Each entry should be copied as it stands, leaving the pictures behind.
--- Dataset excerpts Enclosed Below ---
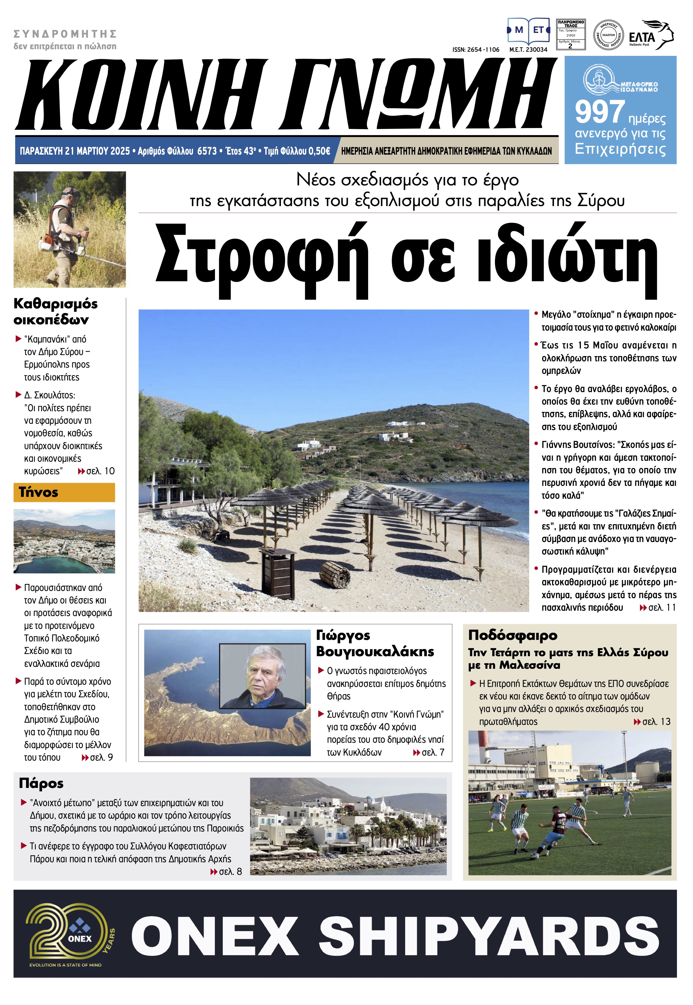ΚΟΙΝΗ ΓΝΩΜΗ ΚΟΙΝΗ ΓΝΩΜΗ Ημερησια Εφημεριδα των Κυκλαδων
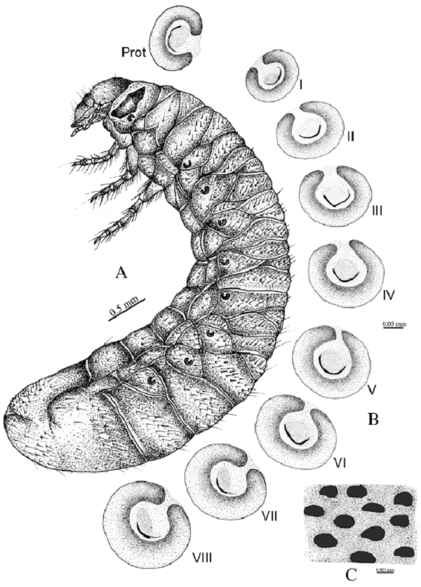 Las observaciones e ilustraciones se realizaron con la ayuda de un estereomicroscopio Leica S8AP0. Los caracteres y la terminología utilizada en las descripciones se basan en los trabajos de Böving (1936, 1942), Ritcher (1948, 1966), Morón (1987, 1997), Ibarra-Polesel et al. (2017, 2020).
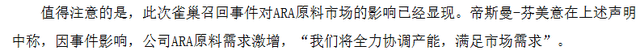 供应链层面也遭到此次事务的深刻影响。跟着帝斯曼发布通知布告,市场将核心转向国内最大ARA供应商嘉必优。
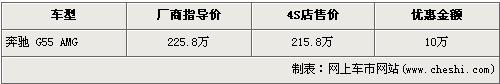 根據北京奔馳4S店銷售人員介紹,目前奔馳G55 AMG現金優惠10萬元。經優惠后,奔馳G55 AMG售價從廠商指導價的225.8萬元下降到了215.8萬元。銷售人員還介紹,奔馳G55 AMG只有一部黑色現車在售,而且北京多家奔馳經銷店均無現車,消費者挑選的空間不大。顏色方面引進國內的G55 AMG只有黑色,其他顏色均不銷售。
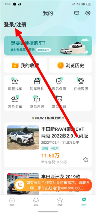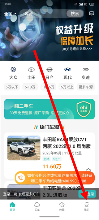 1、打開一嗨二手車,點擊頁面底部的我的,進入個人頁面。
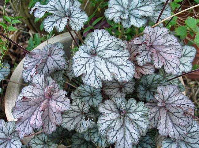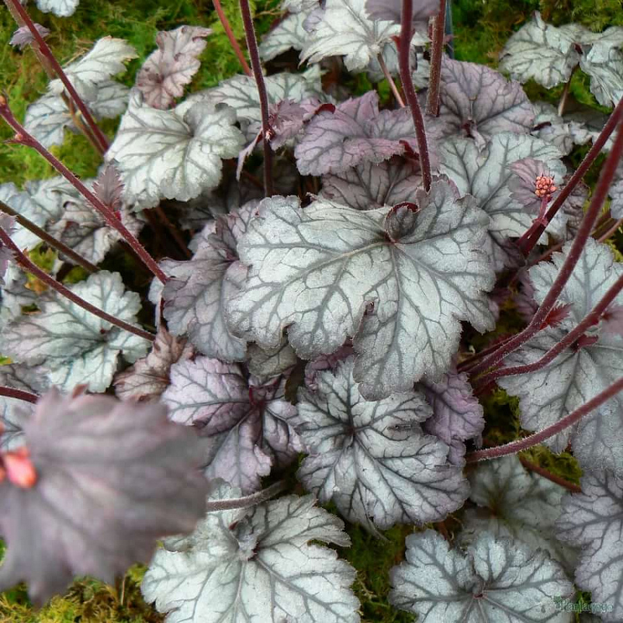 Рассада гейхеры Джипси Дансер (Gypsy Dancer) отлично впишется в смешанную посадку с применением других декоративных растений. Листва многолетника имеет буро-серебристую окраску, на фоне которой контрастно выделяются темно-пурпурные прожилки. Этот сорт цветет на протяжении всего лета, выпуская стебли с мелкими белыми соцветиями.
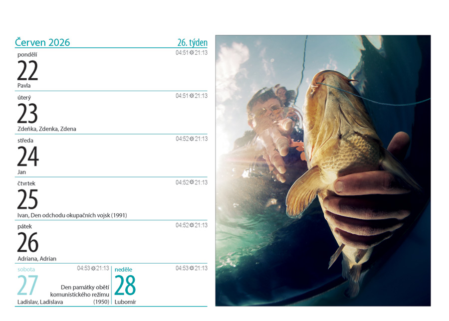 | Popis | Stolní kalendář s týdenním kalendáriem pro všechny rybáře. |
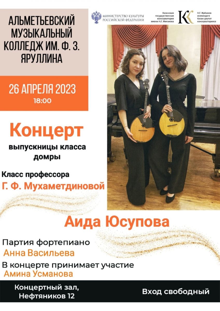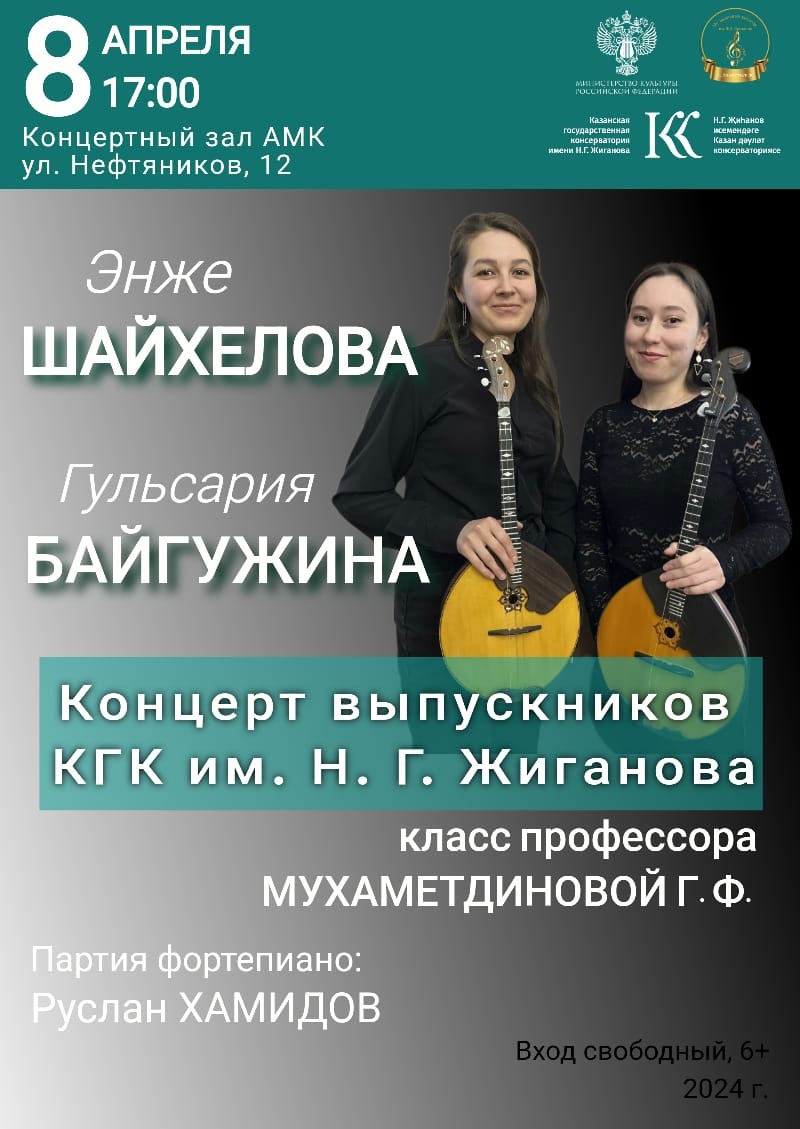 8 Апреля 2024 г. в 17:00 - Концерт выпускников Казанской государственной консерватории им.Н.Г.Жиганова Энже Шайхеловой и Гульсарии Байгужиной АФИША
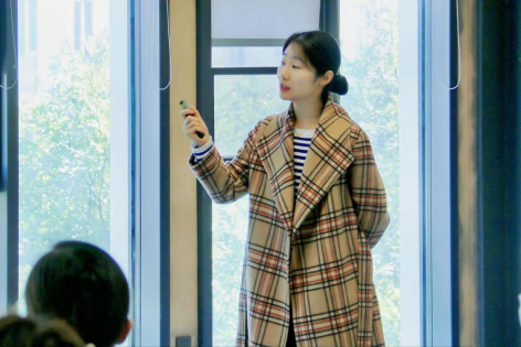 卫梓琪老师首先向大家详细介绍了抗日战争中初露锋芒的新舞蹈。如1933年由吴晓邦创作的舞蹈《傀儡》《小丑》《饥火》《大刀进行曲》《罂粟花》《游击队之歌》。随后卫老师分析了在抗日战争斗争时期波澜壮阔的“新舞蹈运动”。她讲到:新“舞蹈运动”是当代舞蹈家为了表现当代生活,塑造当代人物形象,根据表现舞蹈内容的需要,有选择地吸收、融合和运用古典舞、民间舞、现代舞的表现手段和表现方法,而形成的一种新的风格的舞蹈。“新舞蹈运动”中涌现出了一大批扎根人民生活的舞蹈工作者,这些工作者整理、编创了一大批剧有民族特色、反映民众生活的作品。最后,卫老师给大家分享了第七届“荷花奖”金奖舞蹈作品《南京·亮》,并且对该作品进行了深入解析。
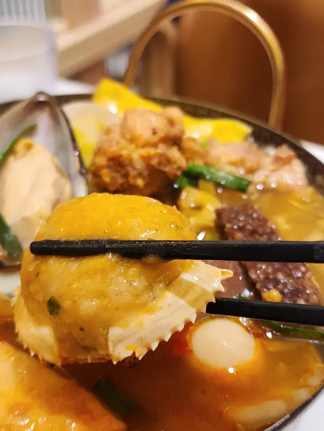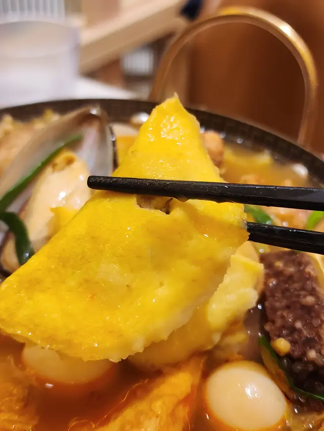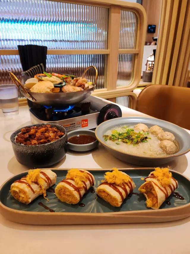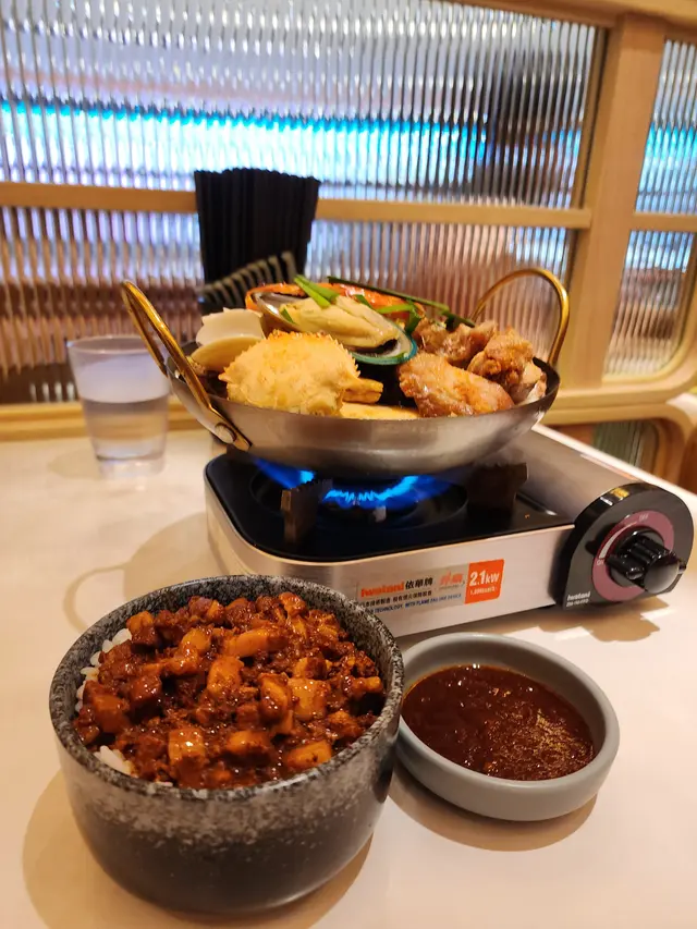 麻辣湯底香氣十足,小辣程度溫和卻不失層次,適合怕辣又想吃辣的人!海鮮配料豐富,有鮮蝦、蜆肉和爽口魷魚,吸滿湯汁非常入味。搭配的滷肉飯肥瘦均勻,醬汁濃郁,與麻辣鍋意外地契合!😋
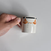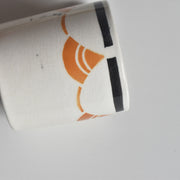 黒とオレンジのステンシルが描かれていてモダンなデザインです。
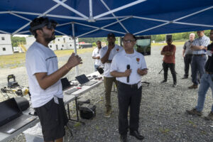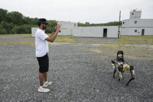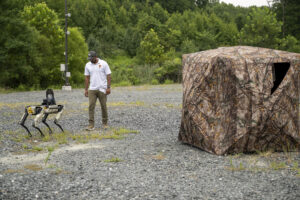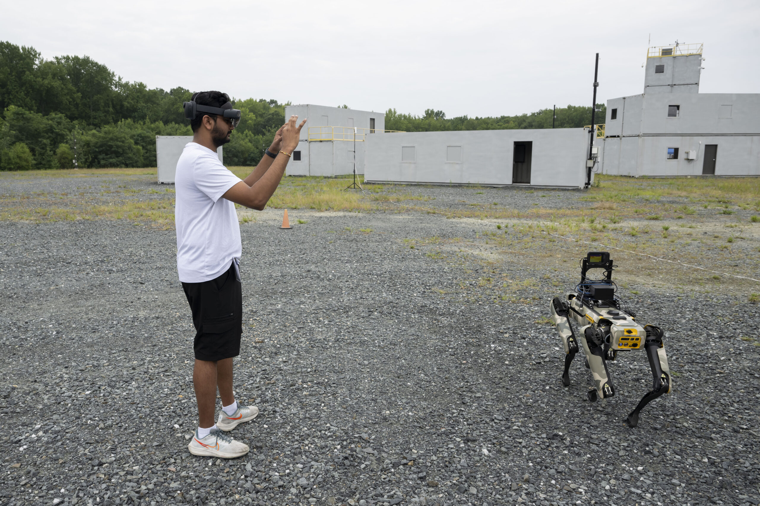 This year our demonstration advanced beyond zero-visibility reconnaissance into dynamic soldier-robot teaming and AI-driven threat response. The system showcased a Spot robot autonomously following and mimicking a soldier using an Extended Kalman Filter–smoothed UWB localization fused with directional scanning. Upon detecting a threat, such as a bunker via a custom-trained object detection module and LLaVA-powered visual reasoning, the robot autonomously dispatched the soldier to investigate using voice-task able commands. Integration with Microsoft HoloLens enabled real-time visualization and imitation of soldier movement, completing a fully functional AI-driven tactical coordination loop. The demo marked a milestone in context-aware, multimodal situational awareness for dismounted operations.
--- End of Enclosed Dataset excerpts ---
**Task result**.
ΚΟΙΝΗ ΓΝΩΜΗ ΚΟΙΝΗ ΓΝΩΜΗ Ημερησια Εφημεριδα των Κυκλαδων
 Las observaciones e ilustraciones se realizaron con la ayuda de un estereomicroscopio Leica S8AP0. Los caracteres y la terminología utilizada en las descripciones se basan en los trabajos de Böving (1936, 1942), Ritcher (1948, 1966), Morón (1987, 1997), Ibarra-Polesel et al. (2017, 2020).
 供应链层面也遭到此次事务的深刻影响。跟着帝斯曼发布通知布告,市场将核心转向国内最大ARA供应商嘉必优。
 根據北京奔馳4S店銷售人員介紹,目前奔馳G55 AMG現金優惠10萬元。經優惠后,奔馳G55 AMG售價從廠商指導價的225.8萬元下降到了215.8萬元。銷售人員還介紹,奔馳G55 AMG只有一部黑色現車在售,而且北京多家奔馳經銷店均無現車,消費者挑選的空間不大。顏色方面引進國內的G55 AMG只有黑色,其他顏色均不銷售。
 1、打開一嗨二手車,點擊頁面底部的我的,進入個人頁面。
 Рассада гейхеры Джипси Дансер (Gypsy Dancer) отлично впишется в смешанную посадку с применением других декоративных растений. Листва многолетника имеет буро-серебристую окраску, на фоне которой контрастно выделяются темно-пурпурные прожилки. Этот сорт цветет на протяжении всего лета, выпуская стебли с мелкими белыми соцветиями.
 | Popis | Stolní kalendář s týdenním kalendáriem pro všechny rybáře. |
 8 Апреля 2024 г. в 17:00 - Концерт выпускников Казанской государственной консерватории им.Н.Г.Жиганова Энже Шайхеловой и Гульсарии Байгужиной АФИША
 卫梓琪老师首先向大家详细介绍了抗日战争中初露锋芒的新舞蹈。如1933年由吴晓邦创作的舞蹈《傀儡》《小丑》《饥火》《大刀进行曲》《罂粟花》《游击队之歌》。随后卫老师分析了在抗日战争斗争时期波澜壮阔的“新舞蹈运动”。她讲到:新“舞蹈运动”是当代舞蹈家为了表现当代生活,塑造当代人物形象,根据表现舞蹈内容的需要,有选择地吸收、融合和运用古典舞、民间舞、现代舞的表现手段和表现方法,而形成的一种新的风格的舞蹈。“新舞蹈运动”中涌现出了一大批扎根人民生活的舞蹈工作者,这些工作者整理、编创了一大批剧有民族特色、反映民众生活的作品。最后,卫老师给大家分享了第七届“荷花奖”金奖舞蹈作品《南京·亮》,并且对该作品进行了深入解析。
 麻辣湯底香氣十足,小辣程度溫和卻不失層次,適合怕辣又想吃辣的人!海鮮配料豐富,有鮮蝦、蜆肉和爽口魷魚,吸滿湯汁非常入味。搭配的滷肉飯肥瘦均勻,醬汁濃郁,與麻辣鍋意外地契合!😋
 黒とオレンジのステンシルが描かれていてモダンなデザインです。
 This year our demonstration advanced beyond zero-visibility reconnaissance into dynamic soldier-robot teaming and AI-driven threat response. The system showcased a Spot robot autonomously following and mimicking a soldier using an Extended Kalman Filter–smoothed UWB localization fused with directional scanning. Upon detecting a threat, such as a bunker via a custom-trained object detection module and LLaVA-powered visual reasoning, the robot autonomously dispatched the soldier to investigate using voice-task able commands. Integration with Microsoft HoloLens enabled real-time visualization and imitation of soldier movement, completing a fully functional AI-driven tactical coordination loop. The demo marked a milestone in context-aware, multimodal situational awareness for dismounted operations.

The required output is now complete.